U.S. to Flood World with Dollars
There is a dangerous misconception that deflation is a decline in wages and prices. Deflation is, in fact, a decrease in the money supply. While we have witnessed a deleveraging of the derivative market, which explains the drop in asset prices, the monetary base has exploded.

Much of the current strength of the dollar can be attributed to psychology—folks are scared and are running to perceived security—as well as short term technical factors. The demand for dollars is high which is keeping the velocity of money low. Since more dollars are being held, there are less dollars competing for products. Hence, the price of products is staying low. However, as more and more dollars enter the system, there will be less incentive to hold them in savings. An increase in the number of dollars will result in a bidding up of prices as more dollars compete for the same amount of products.

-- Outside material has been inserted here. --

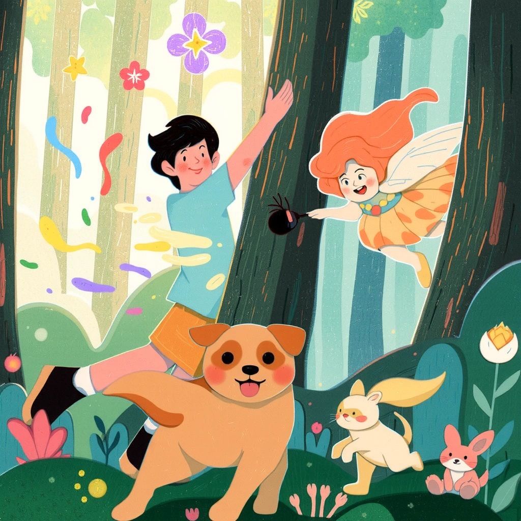 Together, they explored the Whispering Meadow, where butterflies danced and spoke in riddles. One butterfly told them the puppy had gone towards the Crystal Lake.

We are in the first stage of a possible hyper inflationary environment. The inflation is entering the system, but because of the high demand for dollars, people don't realize it because prices have not started to rise yet. In stage two, as more dollars compete for products, prices begin to gradually rise. However, people still try to hold their dollars thinking that the price rise is temporary and that they will soon drop. In stage three—the actual hyperinflation—prices are rising so quickly that people spend money as soon as they receive it, causing a negative feedback loop that results in a fiat currency dropping to its intrinsic value, zero.
Although it is impossible to predict the future and to know how it will all play out, keep your eyes on the horizon. There is an inflationary hurricane brewing.